Scalable post-assembly editing software for finishing and annotating personal genomes - We are entering a new era of personal genomics where an individual's genome sequence will be used to
identify disease susceptibility, improve diagnosis and better treat illnesses as well as be combined across
cohorts and populations to identify new biomarkers and causal mutations underlying any phenotype. Despite
the tremendous success of mapping short read next-generation sequencing (NGS) data onto a reference
genome (resequencing) in identifying genetic variation in a new genome, the inherent lack of long range
connectivity together with reference-induced biases make obtaining complete haplotype-phased genomes
exceedingly difficult. Emerging long read technologies are beginning to address this critical shortcoming by
direct de novo assembly of an individual's genome. However, initial de novo assemblies typically consist of
many thousands of unordered contigs that require extensive post-assembly processing to produce finished
sequences that can be effectively mined for genetic content and variation. Thus, there is an urgent need for
integrated, scalable post-assembly software that 1) automatically organizes, joins and phases the initial contigs
into complete haplotype sequences, 2) supports optional NGS and/or manual polishing and 3) provides initial
automated annotation of those sequences. Currently, such software does not exist and instead users must
cobble together a confusing array of difficult-to-use, task-specific pieces of open source programs.

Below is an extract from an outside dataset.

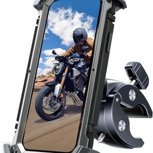 Bike Motorcycle Phone Mount,[Super Stable Metal] Bike Motorcycle Phone Holder with Security Lock, Bicycle Phone Mount with Soft Cushion & Adjustable Clip Compatible with 4.7”-6.8” Phone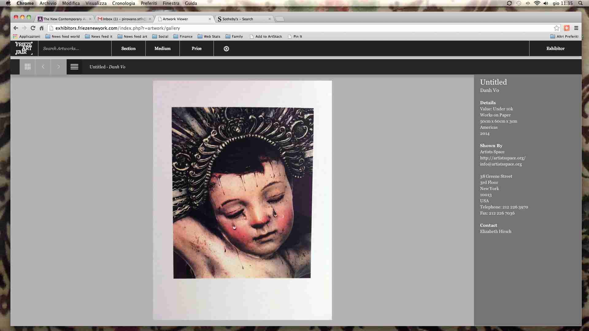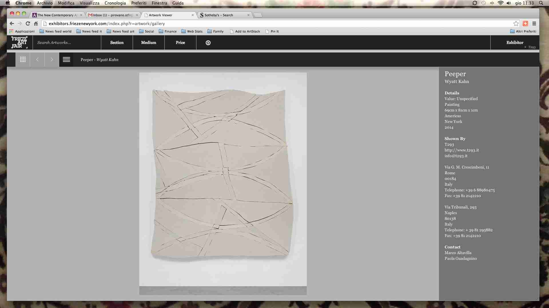 There is however a problem with this new trend of publishing the works on sale on a certain platform – other fairs have chosen artsy.net for that matter – that is the lack of information. The only chance for the user to find out more about the piece is to write to the gallery; but it takes time, both for the user himself and for the gallery.

DNASTAR's post-assembly editing program, SeqMan Pro (SMP), has a proven history in finishing bacterial
sized genomes although it currently lacks the scalability and all the needed functionality to tackle human
genome sized problems. The primary goal of this Fast Track proposal is to create a fully scalable version of
SMP for the automated finishing and annotation of de novo assembled large eukaryotic genomes while also
providing a manual editing platform when needed. During Phase I, we will develop two key prototypes: 1) a
new assembly file format, eBAM, which is interconvertible with the BAM format, but also is editable like our
SQD files and 2) a rapid reference-assisted contig scaffolding tool adapted from our proprietary Disk Sort
Alignment (DSA) algorithm. With that foundation, we will complete the transformation of SMP in Phase II by: 1)
refining the eBAM format for optimal editing performance, 2) building a new 64-bit version of the SMP editing
engine that incorporates the additional functionality necessary for post-assembly finishing of large eukaryotic
genomes including automated DSA-based scaffolding and phase-aware gap filling, contig joining and
haplotype refinement, 3) creating a new DSA-based genome aligner for rapidly aligning a finished sequence to
an annotated reference genome which together with 4) a new feature transfer and analysis module, will permit
initial annotation of the finished genome along with a cataloging of variants and their impact in both native and
reference coordinates. Inclusion of the reference coordinates allows variants in the new genome to be easily
associated with the wealth of information available through the numerous online knowledgebase resources.